PV substructure (Support Flashing Assembly) specification ● SOLOPOWER SP3S 220W Flexible photovoltaic module:
O Bonded to 6-pan flashing using HelioBond PVA 600BT according to manufacturer's specifications.
● 6 pan flushing:
○ 0.55mm BMT G300 COLORBOND (registered trademark) flat sheet ○ Nominal dimensions: Width-1200mm
Length-4210mm
○ 7 × No. Using 12 type 17 screws, screw in 6 pan flashings at each end and in the center with a minimum of 35 mm embedding to the corresponding F7 wood fence. If necessary, the space is blocked by a foam spacer.
● Side reinforcement, 2 pieces (off):
O 0.55 mm BMT G300, COLORBOND® steel finish (generally selected to match 6 panflushing or roofing colors).
○ Section dimensions: Flange width: 47 mm top flange and 30 mm bottom flange, flange depth: 28 mm, length: 4210 mm (nom.)
○ Positioned on each side edge of 6 pan flushing.
○ Connect upper flange to lower side of 6 pan flushing with continuous strip of 24mm width 3M VHB RP45 tape according to manufacturer's specifications.
○ 25x3.2mm EPDM Foam strip with a bottom flange waterproof seal on Trimek.
● Center reinforcement, 2 pieces:
○ 1.0 mm BMT G550, COLORBOND (registered trademark) steel.
○ Section dimensions: Flange width: top flange 51 mm and bottom flange 15 mm, flange depth: 21 mm, length: 4170 mm (nominal)
○ Positioned at an interval of 190.5 mm from the center line of 6 pan flushing.
○ Connect upper flange to lower side of 6 pan flushing with continuous strip of 24mm width 3M VHB RP45 tape according to manufacturer's specifications.
○ 1 × No.
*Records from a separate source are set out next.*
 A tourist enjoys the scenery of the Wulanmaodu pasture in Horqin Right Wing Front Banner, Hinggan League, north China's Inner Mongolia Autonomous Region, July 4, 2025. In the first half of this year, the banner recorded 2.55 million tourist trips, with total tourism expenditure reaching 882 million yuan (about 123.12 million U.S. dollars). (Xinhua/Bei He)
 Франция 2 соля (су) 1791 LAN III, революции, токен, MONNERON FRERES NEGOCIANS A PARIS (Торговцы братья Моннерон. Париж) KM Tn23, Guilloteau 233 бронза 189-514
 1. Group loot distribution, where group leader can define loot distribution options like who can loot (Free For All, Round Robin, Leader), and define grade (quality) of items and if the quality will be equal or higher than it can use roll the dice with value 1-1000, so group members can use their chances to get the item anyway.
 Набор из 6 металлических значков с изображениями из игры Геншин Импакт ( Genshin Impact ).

Screwed 6 pan flushings and central reinforcement through each F7 wood fence with 12 type 17 screws, with a minimum of 35mm embedding at the center of up to 900mm.
● Wiring cover (mid-flashing cover):
○ 0.55 mm BMT G300 COLORBOND® sheet ○ Section dimensions: Width: Overall 203 mm and 21 mm / 160 ° edge fold (or edge fold), Length: 1200 mm (nominal)
○ With reference to the wiring cover diagram, attach to 6 pan flushing as follows:
(1) A 2 × 100 mm long TopSpan 22 narrow plate (batten) is joined to 6 pan flashings from each end of the wiring cover portion using Sellies Liquid Nails (Mirror Metal Glass) 275 mm.
■ As shown, 2 × No. Using a 6-18x12 drill point screw, the wiring cover is passed through the TopSpan 22 narrow plate and fixed with screws.
● Plenum Chamber:
○ 0.55 mm BMT G300 COLORBOND (registered trademark) steel or ZINCALUME (registered trademark) steel sheet.
○ Section dimensions: Width: 200mm overall, Length: 1200mm to 2400mm (nominal)
The insertion port is either steel or plastic, and generally has a diameter of 150 mm.
○ A hole was cut out at the bottom of the plenum to make an appropriate insertion port, and the insertion port was screwed or riveted to an appropriate position using an appropriate sealer.
○ After that, the outlet was connected to the air treatment system.
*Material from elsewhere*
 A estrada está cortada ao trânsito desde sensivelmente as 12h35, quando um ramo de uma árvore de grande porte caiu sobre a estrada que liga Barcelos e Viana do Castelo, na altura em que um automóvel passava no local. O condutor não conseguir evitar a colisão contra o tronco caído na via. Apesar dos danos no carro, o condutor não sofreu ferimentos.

  It can be readily appreciated from the above that the embodiment of the solar roof panel 3 described in connection with the figures is simple to manufacture and install on the roof.

  Many modifications may be made to the embodiments of the invention described herein without departing from the spirit and scope of the invention.

  By way of example, the embodiment of the invention described in connection with the figures includes a solar roof panel 3 attached to a profile roof cladding sheet 9, although the invention is not so limited and other types Can be used with any roof cladding. For example, the present invention can be used with any suitable metal roof, tile roof, or other roof type.

  By further examples, the invention extends to the use of any suitable fasteners or adhesives or other suitable means for securing the various parts of the solar roof panel 3 together to the roof.

  By way of further example, in the embodiment described in connection with the figures, the substrate 21 and the reinforcing members 27 and 29 are made from steel, but the invention is not so limited, the substrate 21 and the reinforcing member 27. And 29 may be made from any suitable material.

  According to a further example, in the embodiment described in connection with the figures, the solar roof panel 3 extends downwards on the side of the roof between the roof ridge 5 and the fence 7, but the invention The solar cell roof panel 3 may be positioned only on a part of the roof between the roof ridge 5 and the roof 7.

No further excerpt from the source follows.